JSE-listed capital growth property fund Attacq will retain its focus on its development pipeline in Waterfall City, in Midrand, with the opening of the super regional mall, Mall of Africa, considered a key strategic milestone for the company.
Mall of Africa, with a value of R4.9-billion on completion, is fully tenanted and remains on track to open on April 28.
The 131 000 m2 Mall of Africa – South Africa’s biggest single-phase mall development – is the largest project and the anchor development within Waterfall City and “is destined to soon be a real retail drawcard for Waterfall”, Attacq CEO Morné Wilken says.
“The opening of the Mall of Africa . . . will be a true tipping point for Waterfall City and the catalyst for further development,” Wilken says, telling Engineering News that significant benefits, such as higher property demand, will only be seen after the opening of the mall.
The company’s conservative estimates indicate that about 15-million people a year will visit the mall, which is strategically located near the N1 highway.
“The Waterfall node continues to strengthen, with six new properties being completed during the six months to December 31, adding 23 398 m2 of gross lettable area to the portfolio,” Wilken says.
Waterfall City has a further 663 815 m2 available for development.
Attacq is in discussion with developers to effect additional joint venture partnerships in Waterfall and remains focused on the construction of about 212 000 m2 of developments, including the new 45 000 m2 head office for financial services firm PwC.
The company’s South African portfolio includes Newtown Junction, in Johannesburg, Waterfall Business Estate, in Midrand‚ Garden Route Mall, in George, and Eikestad Precint, in Stellenbosch, as well as a 25% share in Brooklyn Mall, in Pretoria.
In addition to optimising its growing R12.4-billion portfolio of operational properties and delivering on its Waterfall pipeline, Attacq remains on the lookout for other growth opportunities in South Africa, Wilken says.
Attacq’s total asset value increased by 32.4% to R27.1-billion in the six months to December 31, compared with R23.3-billion as at June 30, while net rental income increased by 25.5% to R531-million for the six months ended December 31.
The company’s international assets increased by 72.8% to R6.4-billion.
Wilken and Attacq CFO Melt Hamman agree that there are inherent risks and challenges to overcome in the current regional and global economic climate, while, in smaller economies, the indexing of rental in hard currency and tenant migration result in risk.

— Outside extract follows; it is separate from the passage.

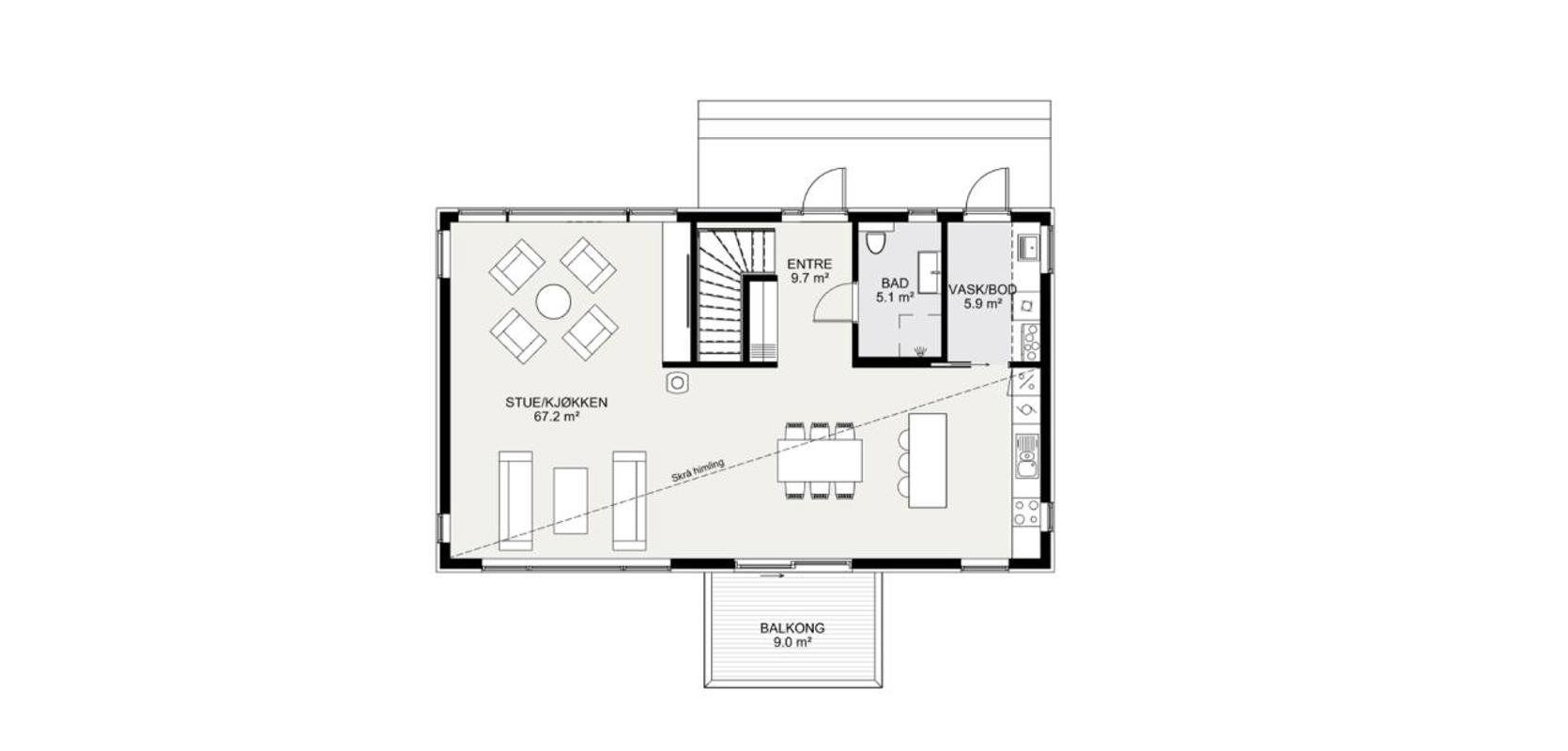 Den øvre etasjen har en imponerende takhøyde på over tre meter på det høyeste, og består av et stort åpent oppholdsrom med kjøkken og stue. Stuen har skyvedør ut til balkongen på forsiden, og gir en fantastisk utsikt over området rundt. Det er også et bad samt et kombinert vaskerom og bod i denne etasjen.

However, diversification could hold the solution in pressured times, with the company’s blended investments in established and developing markets providing mitigation against such risks, Hamman says.
Attacq will, therefore, pursue further diversification into European markets through its well-performing MAS investment and similar opportunities, Wilken points out.
Internationally, Attacq has invested in new markets in Cyprus and Serbia, which complements its existing Western European exposure through MAS.
In July 2015, the company acquired an effective 48.6% interest in ITTL Trade & Tourist Leisure Park, now known as Mall of Cyprus, the owner of Shacolas Emporium Park and an effective 48.5% interest in Woolworth Commercial Centre, the owner of Engomi Mall.
The Cyprus asset portfolio therefore includes completed buildings, the 27 000 m2 Mall of Cyprus and a 20 000 m2 Ikea store, as well as the 13 600 m2 Engomi Mall, in Nicosia.
Attacq aims to expand Mall of Cyprus by about 6 500 m2, and Mall of Engomi by 1 300 m2, with the company still in the planning phase for the extensions, Wilken says.
The Serbia portfolio comprises five completed and operational retail properties with a gross value of €228.0-million.
The company, together with a local partner, raised a further €40-million for a development fund for additional new developments in Serbia and its surrounds.
Wilken attributes significant market advantages in Central and Eastern Europe to stability, a rand hedge, as well as lower debt rates, which could result in a capital rate compression in future, owing to significant demand in these markets.
He suggests that this could result in a value uplift in the market.
Since the short- to medium-term outlook in sub-Saharan Africa has weakened significantly owing to a strong dollar, depressed commodity prices and a lack of stability in power supply, Attacq will focus on delivering Kumasi City Mall, in Ghana, by April 2017, as well as focus on active asset management of existing assets through the cycle.